Field Type Default Description
name str (required) Unique name for this validator
type str (required) Validator type (e.g., "cel" for CEL expressions)
enabled bool true Whether this validator is active
priority int 0 Execution order (higher runs first). Negative for pre-schema validation
config dict[str, Any] None Type-specific configuration

Complete Example

config.json

{
  "schema_path": "./schemas",
  "storage_backend": "sqlite",
  "database_url": "./data/hippo.db",
  "validation_enabled": true,
  "validation_fail_fast": false,
  "write_path_validation_enabled": true,
  "validators_path": "./validators.yaml"
}

schemas/base.yaml -- Base Entity

id: https://example.org/base
name: base
prefixes:
  linkml: https://w3id.org/linkml/
  base: https://example.org/base/
imports:
  - linkml:types
default_range: string

classes:
  BiologicalEntity:
    description: "Base entity for all biological samples"
    abstract: true
    attributes:
      external_id:
        range: string
        identifier: true
        description: "External system identifier"
      created_by:
        range: string
        description: "User who created this entity"

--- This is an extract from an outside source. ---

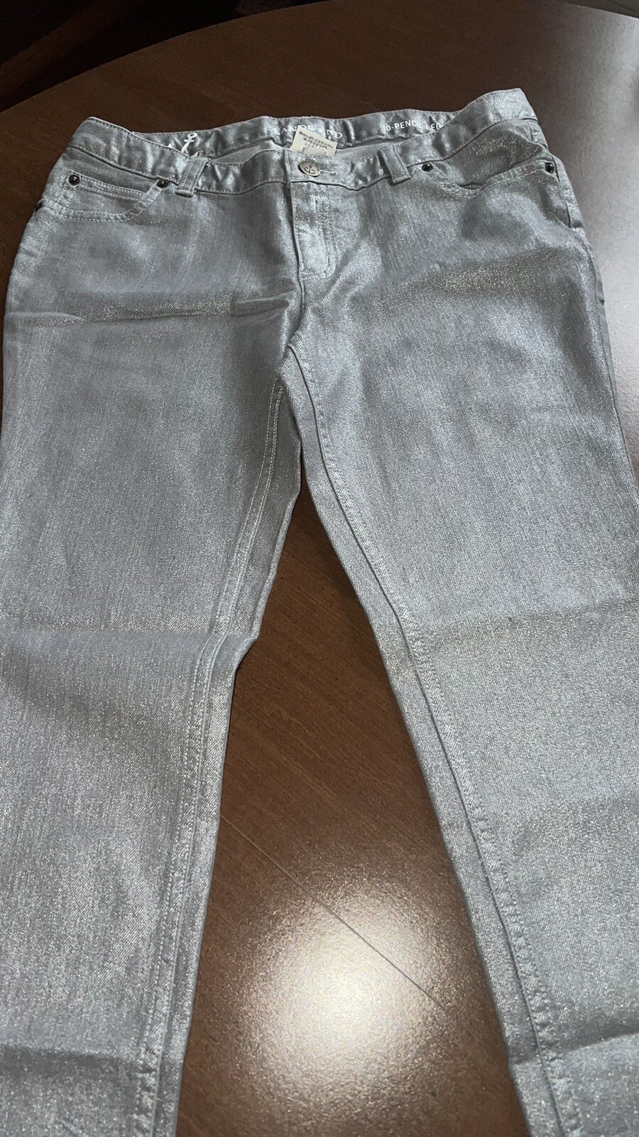 Lands' End Girls 10 10 Plus Pencil Leg Jean Gray Metallic Adjustable Waist NWOT

schemas/donor.yaml -- Donor Entity

id: https://example.org/donor
name: donor
prefixes:
  linkml: https://w3id.org/linkml/
  donor: https://example.org/donor/
imports:
  - linkml:types
  - base
default_range: string

enums:
  SexType:
    permissible_values:
      M:
      F:
      Unknown:

classes:
  Donor:
    is_a: BiologicalEntity
    description: "Human donor information"
    attributes:
      donor_id:
        range: string
        required: true
        identifier: true
        annotations:
          hippo_index: true
        description: "Internal donor identifier"
      species:
        range: string
        required: true
        ifabsent: "string(Homo sapiens)"
        description: "Species of the donor"
      sex:
        range: SexType
        required: true
        description: "Biological sex"
      date_of_birth:
        range: date
        description: "Date of birth"
      ethnicity:
        range: string
        description: "Ethnicity information"
      consent_obtained:
        range: boolean
        ifabsent: "false"
        description: "Whether donor consent is on file"
      consent_date:
        range: date
        description: "Date consent was obtained"
      diagnoses:
        range: string
        multivalued: true
        description: "List of diagnoses"
      medical_record_number:
        range: string
        annotations:
          hippo_index: true
        description: "Hospital MRN"
      notes:
        range: string
        annotations:
          hippo_search: fts5
        description: "Free-text notes for searching"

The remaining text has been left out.